--- Data to use ---
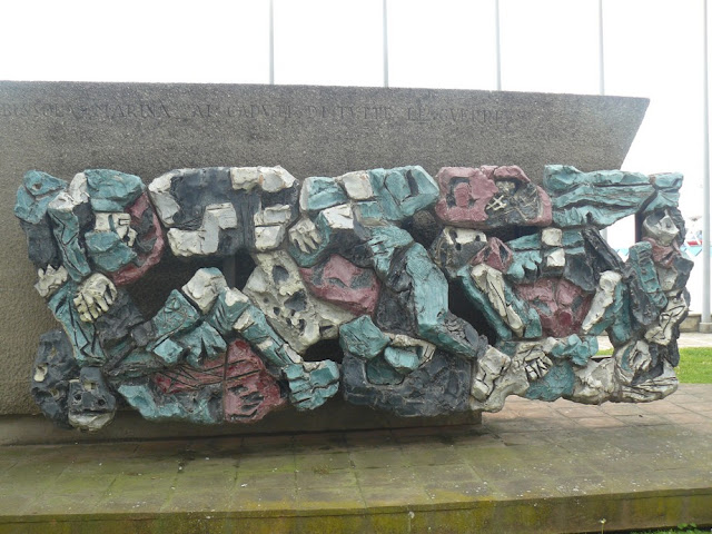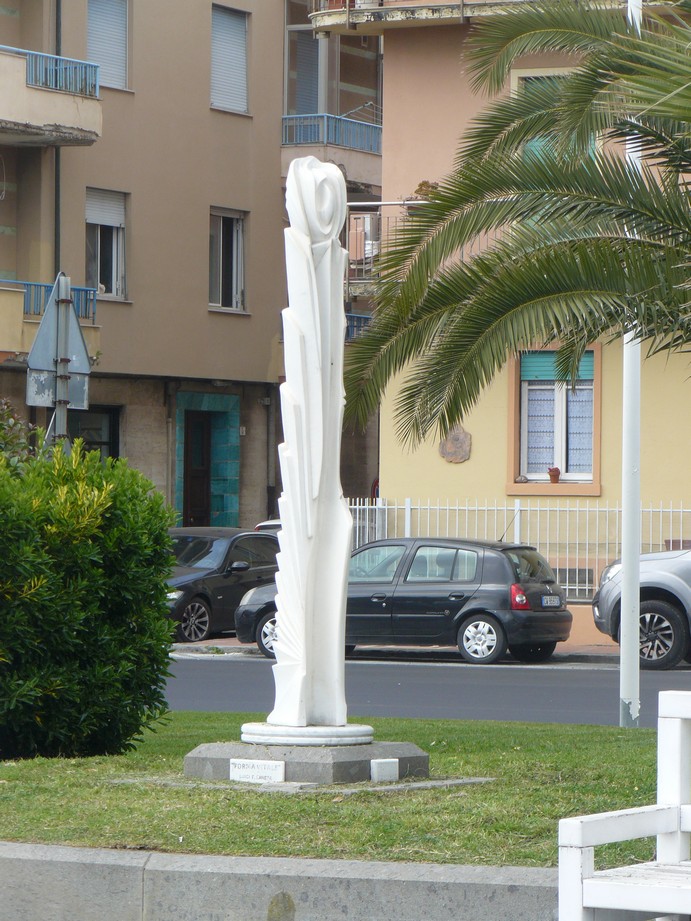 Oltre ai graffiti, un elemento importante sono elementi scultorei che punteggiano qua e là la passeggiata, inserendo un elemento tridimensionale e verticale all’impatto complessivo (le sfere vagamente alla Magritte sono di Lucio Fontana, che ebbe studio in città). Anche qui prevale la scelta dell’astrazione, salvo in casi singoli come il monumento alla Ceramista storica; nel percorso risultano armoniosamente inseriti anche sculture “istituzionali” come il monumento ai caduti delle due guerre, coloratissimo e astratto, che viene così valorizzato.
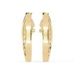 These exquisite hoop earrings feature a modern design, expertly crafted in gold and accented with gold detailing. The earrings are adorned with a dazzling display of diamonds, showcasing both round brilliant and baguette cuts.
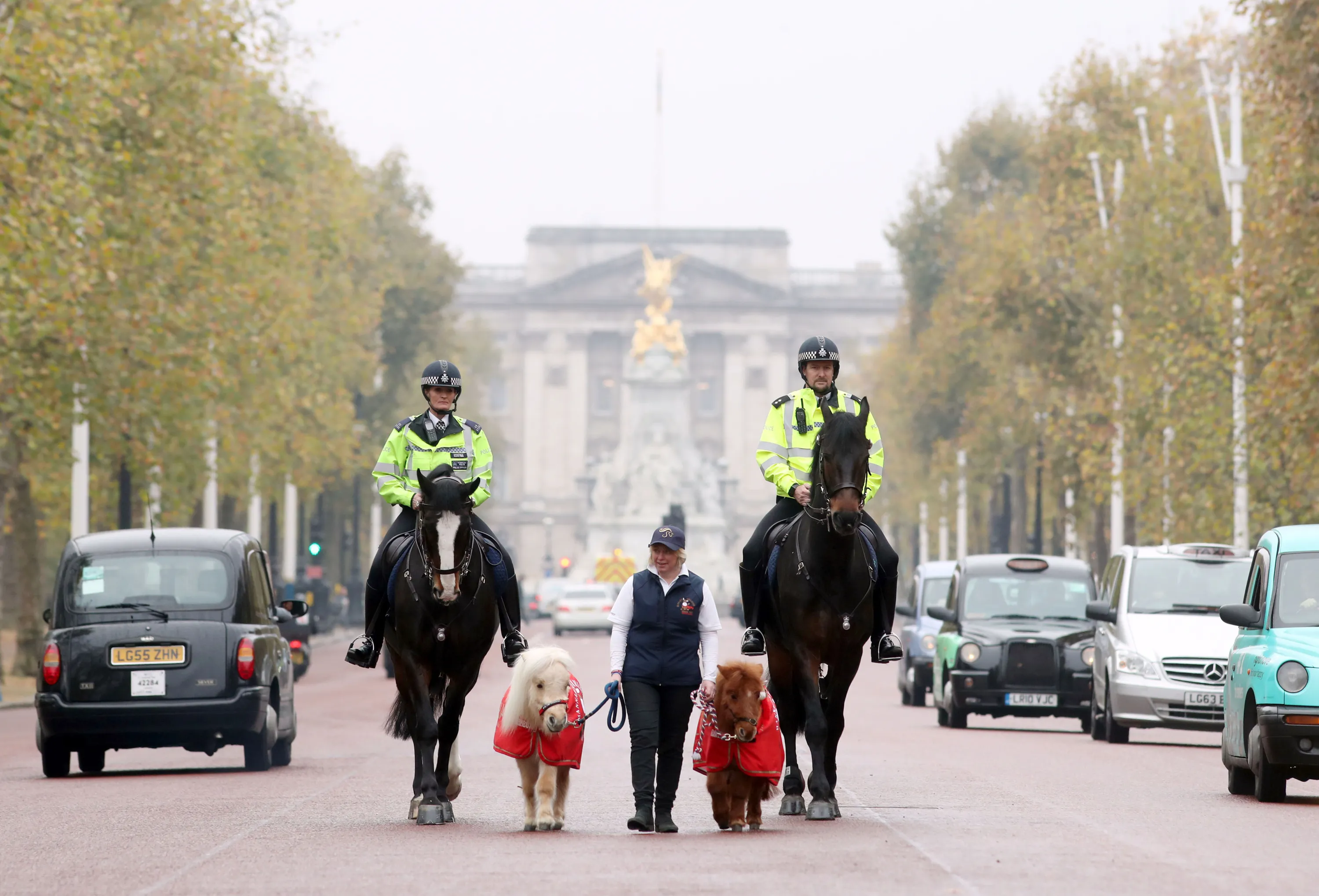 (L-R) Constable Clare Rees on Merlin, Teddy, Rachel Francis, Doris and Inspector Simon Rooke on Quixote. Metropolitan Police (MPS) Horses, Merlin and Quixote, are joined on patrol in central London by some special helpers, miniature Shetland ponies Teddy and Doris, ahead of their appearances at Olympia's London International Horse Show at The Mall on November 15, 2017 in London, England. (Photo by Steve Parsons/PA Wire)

==

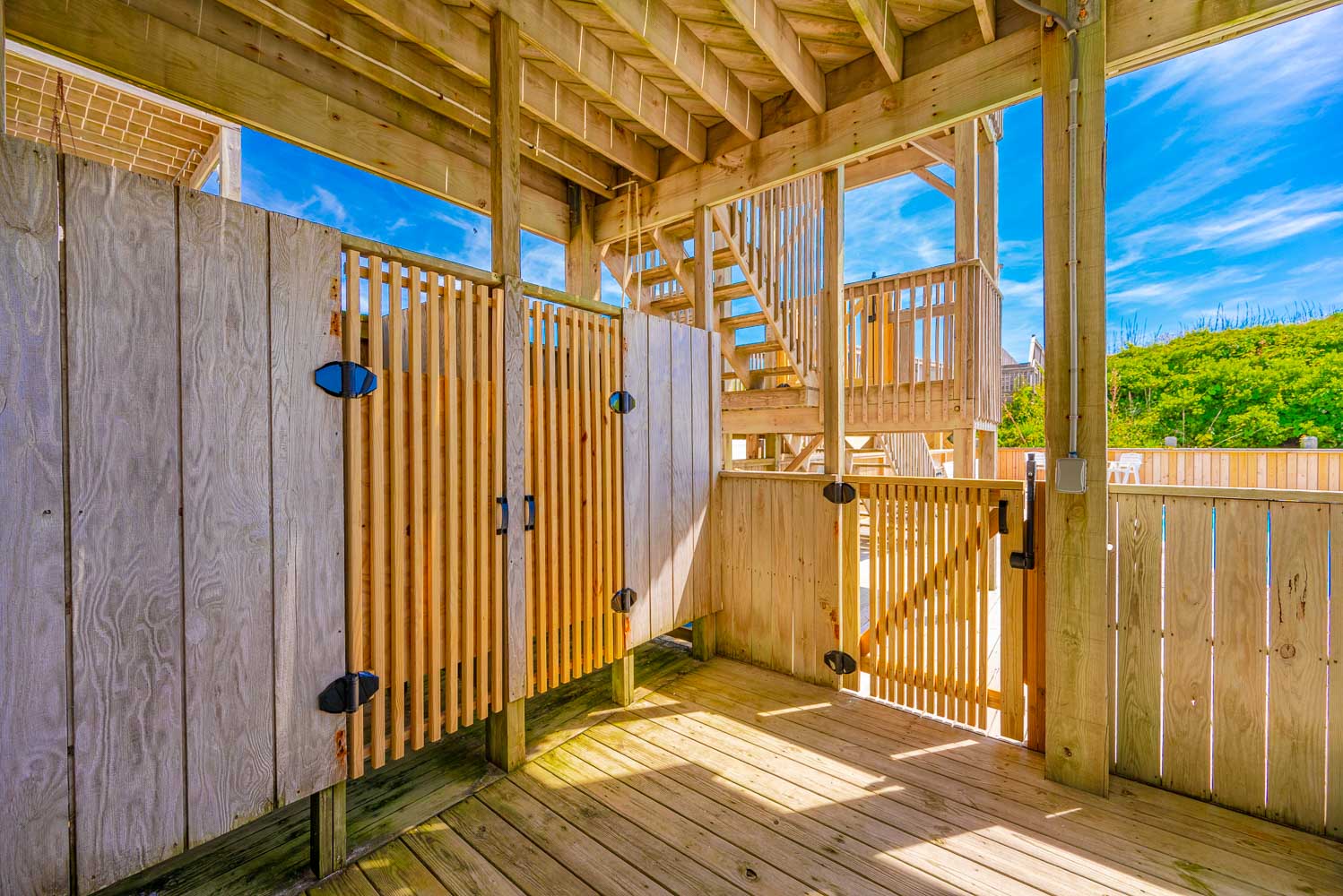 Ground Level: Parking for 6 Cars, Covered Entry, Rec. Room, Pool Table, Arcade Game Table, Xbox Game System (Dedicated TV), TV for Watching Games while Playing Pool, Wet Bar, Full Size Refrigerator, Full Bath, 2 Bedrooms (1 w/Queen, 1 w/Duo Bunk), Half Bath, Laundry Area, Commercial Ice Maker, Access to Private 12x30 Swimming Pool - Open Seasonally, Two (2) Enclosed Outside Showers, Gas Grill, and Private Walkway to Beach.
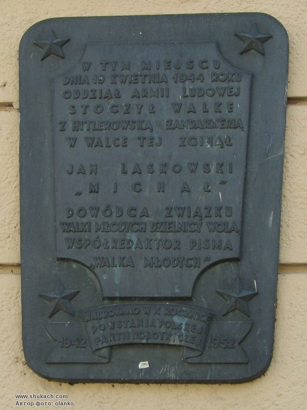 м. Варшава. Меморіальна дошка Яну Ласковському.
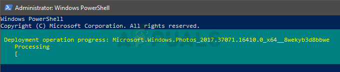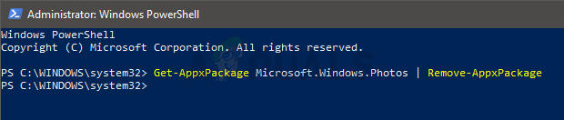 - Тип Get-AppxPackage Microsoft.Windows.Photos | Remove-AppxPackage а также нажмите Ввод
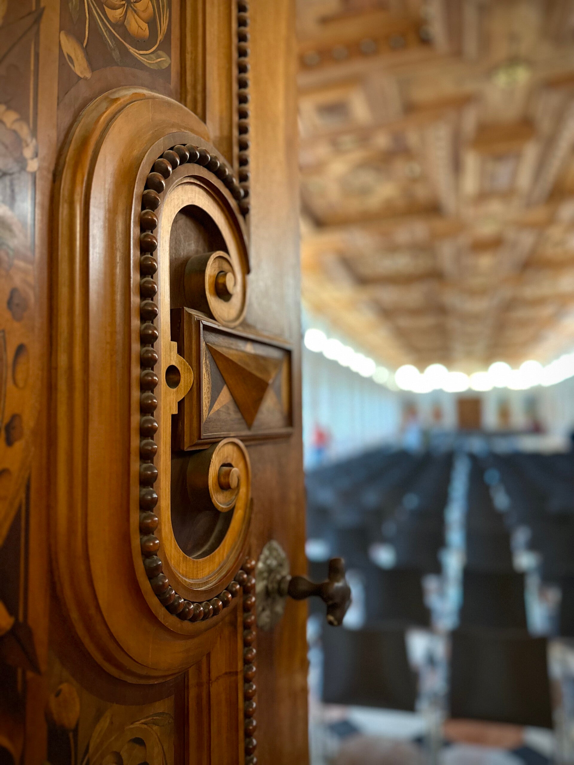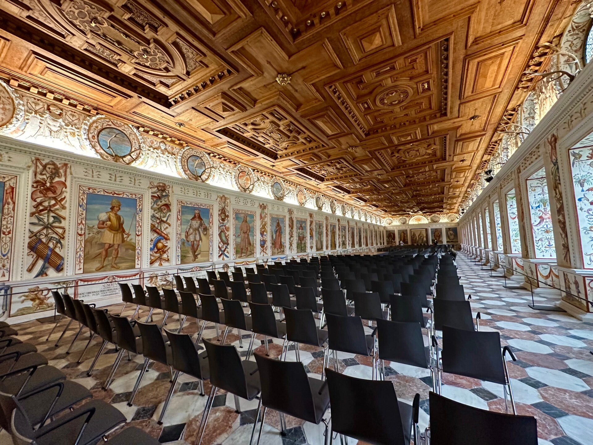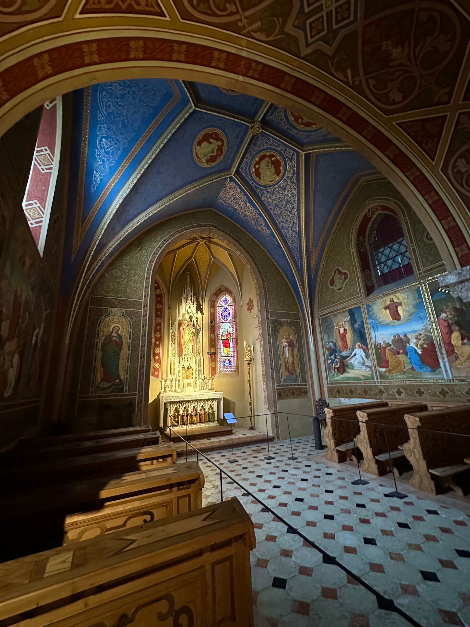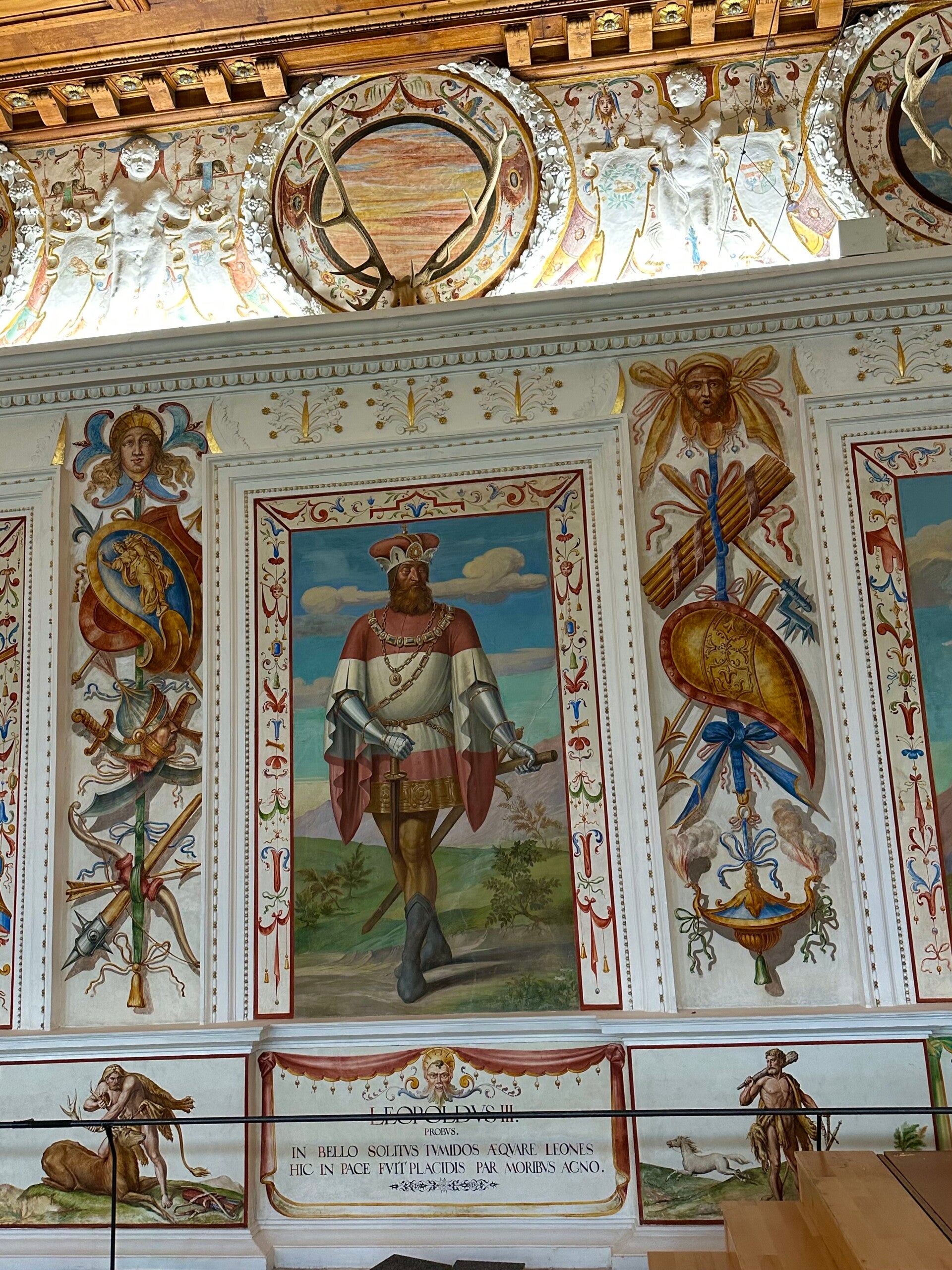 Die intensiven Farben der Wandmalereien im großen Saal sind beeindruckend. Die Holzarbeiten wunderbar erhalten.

--- Try it ---
Using the listing above, repeat word for word each line from the one with "Ground Level: Parking" down to the one with "Die intensiven Farben", both included. Omit all pictures.

--- Result for this exercise ---
 Ground Level: Parking for 6 Cars, Covered Entry, Rec. Room, Pool Table, Arcade Game Table, Xbox Game System (Dedicated TV), TV for Watching Games while Playing Pool, Wet Bar, Full Size Refrigerator, Full Bath, 2 Bedrooms (1 w/Queen, 1 w/Duo Bunk), Half Bath, Laundry Area, Commercial Ice Maker, Access to Private 12x30 Swimming Pool - Open Seasonally, Two (2) Enclosed Outside Showers, Gas Grill, and Private Walkway to Beach.
 м. Варшава. Меморіальна дошка Яну Ласковському.
 - Тип Get-AppxPackage Microsoft.Windows.Photos | Remove-AppxPackage а также нажмите Ввод
 Die intensiven Farben der Wandmalereien im großen Saal sind beeindruckend. Die Holzarbeiten wunderbar erhalten.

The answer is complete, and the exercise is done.